Required work
The lines from the one containing "Fashions, Classics &" through the final line of the listing below are what the answer must repeat, exactly and only, leaving pictures out.
(Data block)
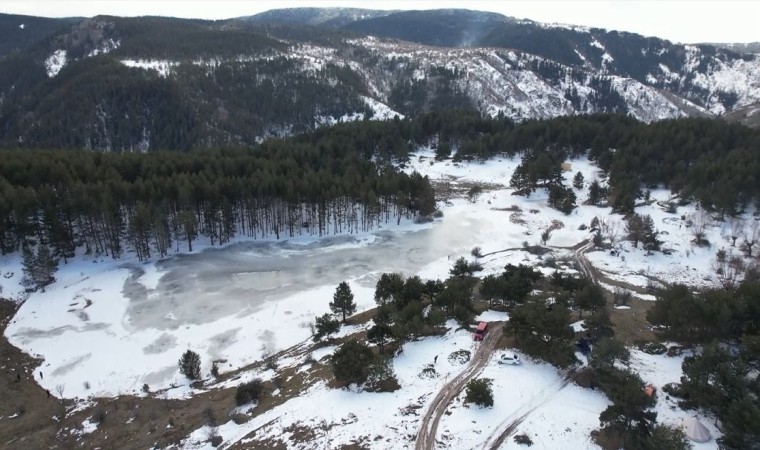 Ankara’nın Kızılcahamam ilçesinde merkeze 35 kilometre uzaklıktaki Işık Dağı’nın eteğinde bulunan yaylalar ve Karagöl Jeositi, kar yağışlarının ardından beyaza büründü. Derinliği 2 metre olan gölün çevresi, günübirlik ziyaret ve çadır kampı için de oldukça uygun olmakla birlikte 1600 metre rakımda bir heyelan çukurunda oluşmuş olması da temiz hava almak isteyenler için harika bir fırsat sunuyor. Türkiye‘nin dört bir yanından gelen ve doğanın tadını çıkarmak isteyen vatandaşlar Karagöl’ün yolunu tuttu. Kamp tutkunları da tabiatla iç içe vakit geçirmek için gölün etrafında çadırlar kurdu. Aileleriyle buraya gelen vatandaşlar, buz tutmuş gölün üzerinden kızaklarla kayarak karın keyfini çıkardı. Dron ile görüntülenen, etrafı beyaza bürünmüş dağlar ve çeşitli ağaçlarla çevrili olan Karagöl’de kış mevsimiyle birlikte kartpostallık görüntüler oluştu.
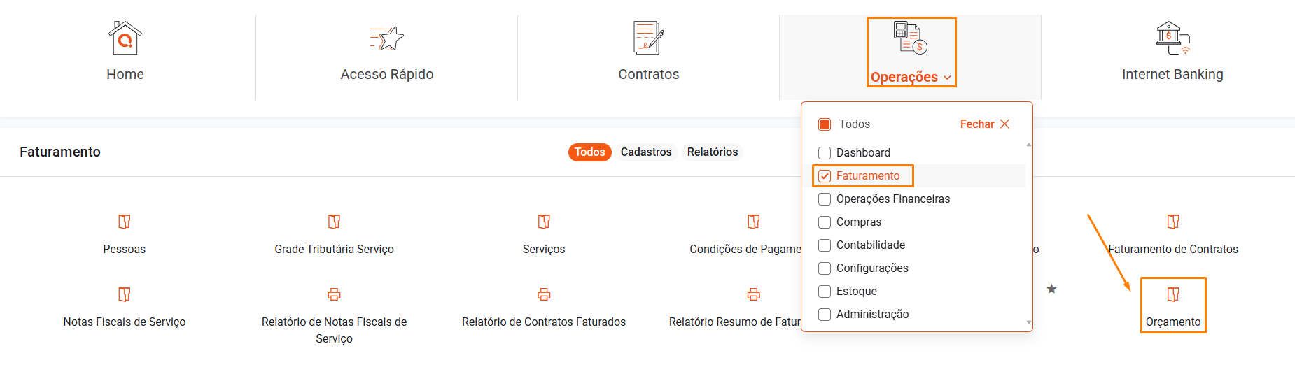 Acesse a rotina pelo seguinte caminho: Operações > Faturamento > Orçamento.
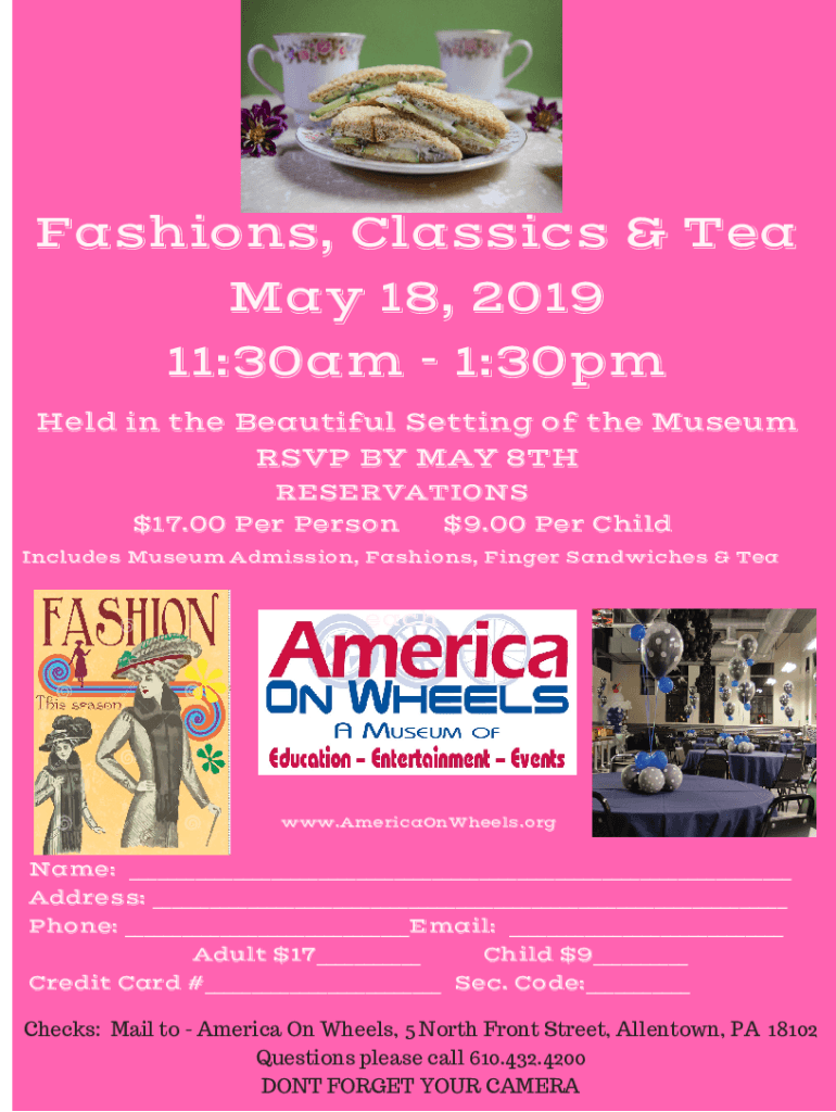 Fashions, Classics & Tea May 18, 2019 11:30am 1:30pm Held in the Beautiful Setting of the Museum RSVP BY MAY 8TH RESERVATIONS $17.00 Per Person $9.00 Per Child Includes Museum Admission, Fashions,
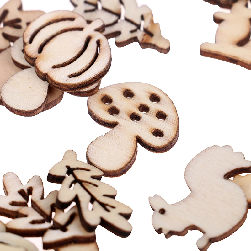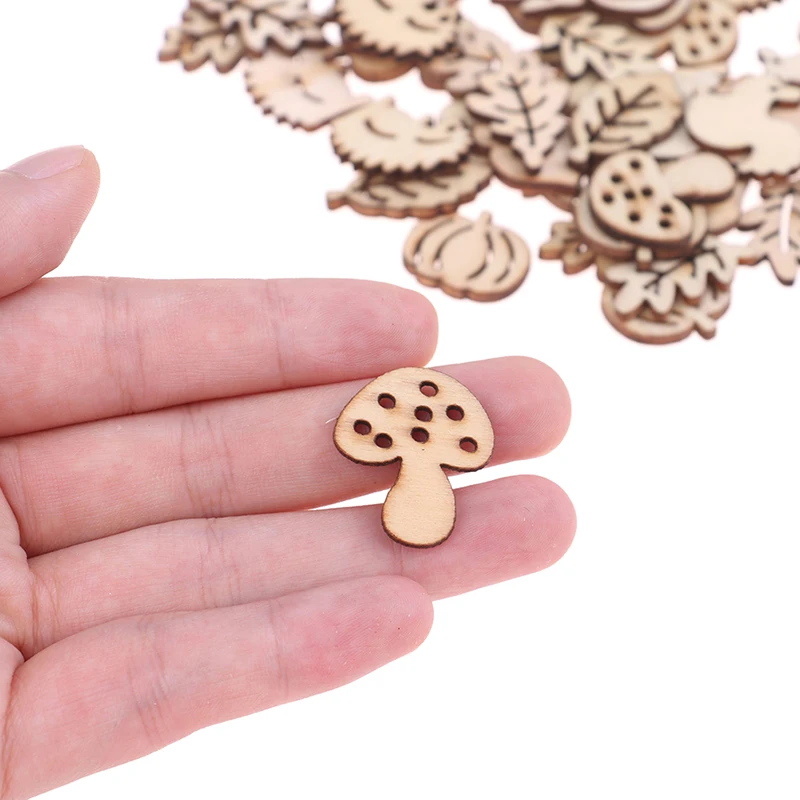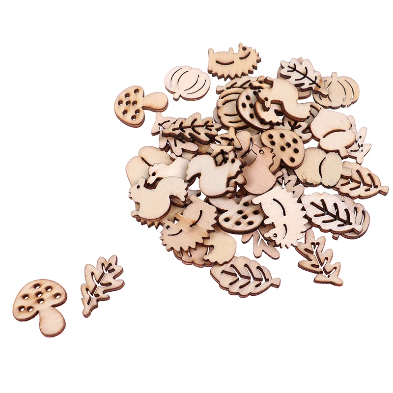 Pre-owned 50PCS/set Embellishments Squirrel Leaves Mushroom Shape Mixed Wooden Craft Scrapbooking Hedgehog De
(End Data block)
Response
 Fashions, Classics & Tea May 18, 2019 11:30am 1:30pm Held in the Beautiful Setting of the Museum RSVP BY MAY 8TH RESERVATIONS $17.00 Per Person $9.00 Per Child Includes Museum Admission, Fashions,
 Pre-owned 50PCS/set Embellishments Squirrel Leaves Mushroom Shape Mixed Wooden Craft Scrapbooking Hedgehog De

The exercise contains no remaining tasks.